While it might seem arbitrary, setting 3 TB as a cutoff for local storage comes with a few justifications. First, consider the local drives. Even if they were capable of saturating a 6 Gbps disk controller, 3 TB would require over an hour to transfer to another local storage device. If that wasn't a bottleneck, there is still the network. With a 10 Gbps NIC and assuming no overhead, that's 40 minutes of transfer at full speed.
That directly affects speed of backups, synchronization, emergency data restores, and any number of other critical operations. Some RAID cards also require special configuration when handling over 4 TB of storage, out of which 3 TB is uncomfortably close if we ever need an extension. SAN devices can perform local storage snapshots for nearly instant data copies intended for other servers. If the other server also uses the same SAN, there's no transfer overhead.
And lastly, while RAID devices can be extended when online, there is a limit imposed by how many local disks are available to our server, either directly in the chassis, or from direct attached storage extensions. If there's ever any risk we can reach that maximum, SAN devices do not have any of these inherent limitations, which we can use to our advantage.
If a SAN is ever available for testing, we're still not done. Depending on the speed of configuration of the SAN or the storage allocation itself, performance may not be sufficient, so we should test the claims made by the SAN manufacturer before committing all of our storage to it.
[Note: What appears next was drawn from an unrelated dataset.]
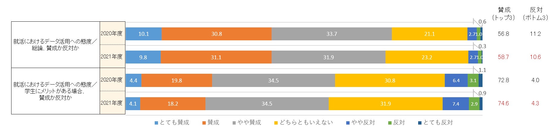 ・学生にメリットがある場合は、賛成(トップ3ボックス)は2020年度の72.8%から2021年度は74.6%へ増加、反対(ボトム3ボックス)は2020年度の4.0%から4.3%の微増となりました。

A very easy way to do this is with a basic pgbench test. The pgbench command is provided by the PostgreSQL software, and it can test various aspects of a server. For our uses, we want to focus on the disk storage. We start by creating a new pgbench database with createdb, so the pgbench command has somewhere to store its test data. The -i option to pgbench tells it to initialize new test data, and the -s option describes the scale of test data we want.
A scale of 4000 creates a database roughly 60 GB in size. Feel free to adjust this scale to be larger than the amount of available RAM, which guarantees that the server cannot cache all of the test data and taint our performance results by inflating the numbers.
After initializing a new test database, there is a Linux command that can instruct the server to drop all available cached data. This means none of our test data is in memory before we start the benchmark. Again, we don't want to inflate our results, otherwise the SAN looks more capable than it really is.
The test itself comes from pgbench again, which is instructed to only read the test data with the -S option. Furthermore, we tell the benchmark to launch 24 clients with the -c parameter, and to run the test for ten full minutes with the -T option. While we used 24 clients here, consider any amount up to three times the number of available processor cores. The final -j flag merely launches two concurrent benchmark threads, preventing the test itself from reducing overall performance due to CPU throttling.
This process should reveal how capable the SAN is, and if our production database will be safe and have good performance while relying on remote storage.